Song, J., Banai, K., & Kraus, N. (2008). Brainstem timing deficits in children with learning impairment may result from corticofugal origins. Audiology & Neuro-Otolology, 13, 335-344. doi:10.1159/000132689.


Cite as: https://hdl.handle.net/11858/00-001M-0000-0012-0CA5-6
Abstract
A substantial proportion of children with language-based learning problems [learning disabilities (LD)] display abnormal encoding of speech at rostral levels of the auditory brainstem (i.e. midbrain) as measured by the auditory brainstem response (ABR). Of interest here is whether these timing deficits originate at the rostral brainstem or whether they reflect deficient sensory encoding at lower levels of the auditory pathway. We describe the early brainstem response to speech (waves I and III) in typically developing 8- to 12-year-old children and children with LD. We then focus on the early brainstem responses in children with LD found to show abnormal components of the rostral speech-evoked ABR (waves V and A).
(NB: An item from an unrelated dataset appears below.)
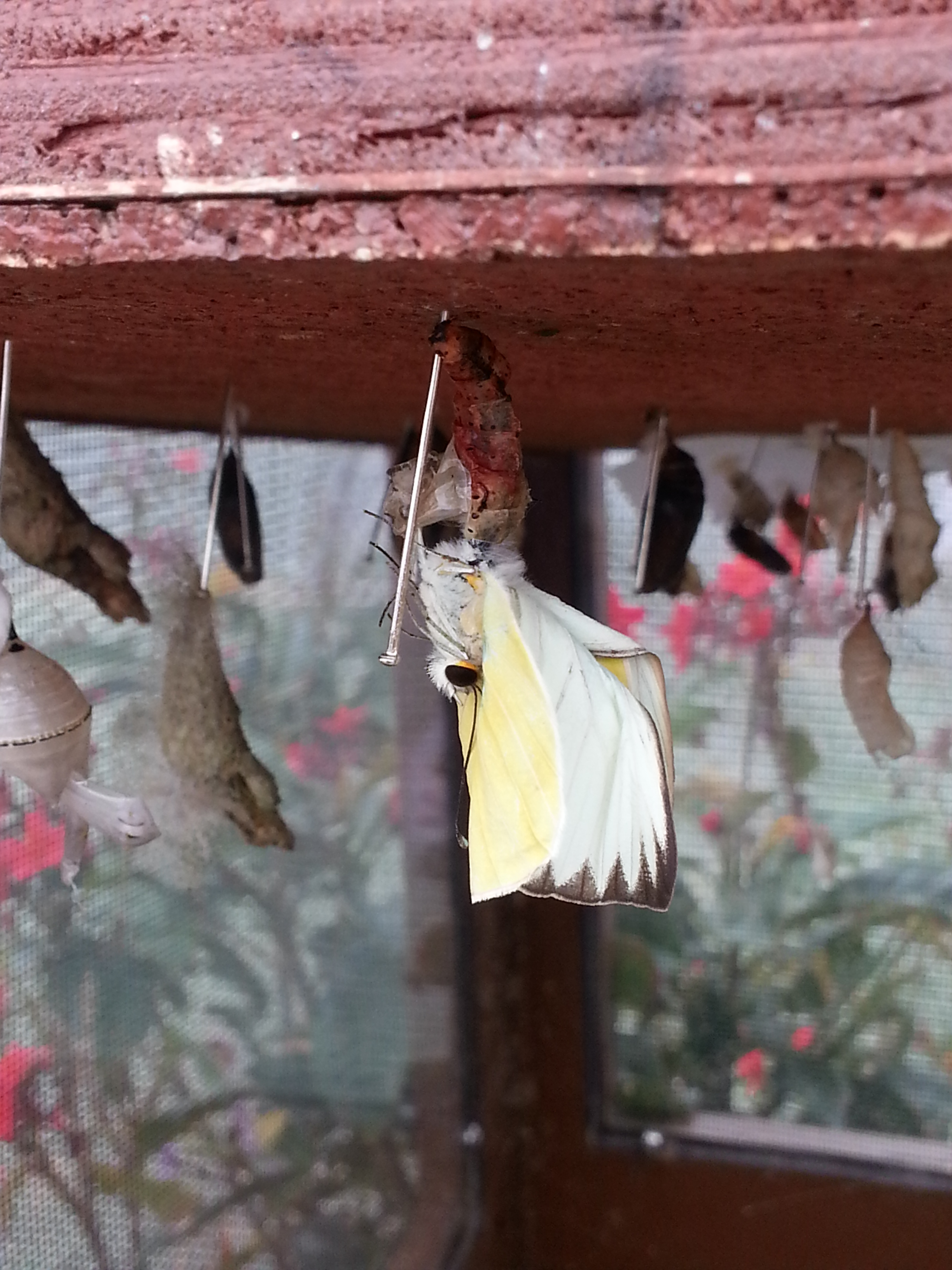 I did a lot of research later that night about butterflies. I was really stumped by them. I understand that they are caterpillars and become butterflies, but are they a completely different animal? Do they have the same organs? What goes on in that cocoon? My brain hurts thinking about it. The caterpillar digests itself basically and metamorphoses using only a tiny bit of tissue that remains the same.

We found that wave I was not reliably evoked using our speech stimulus and recording parameters in either typically developing children or those with LD. Wave III was reliably evoked in the large majority of subjects in both groups and its timing did not differ between them. These data are consistent with the view that the auditory deficits in the majority of LD children with abnormal speech-evoked ABR originate from corticofugal modulation of subcortical activity.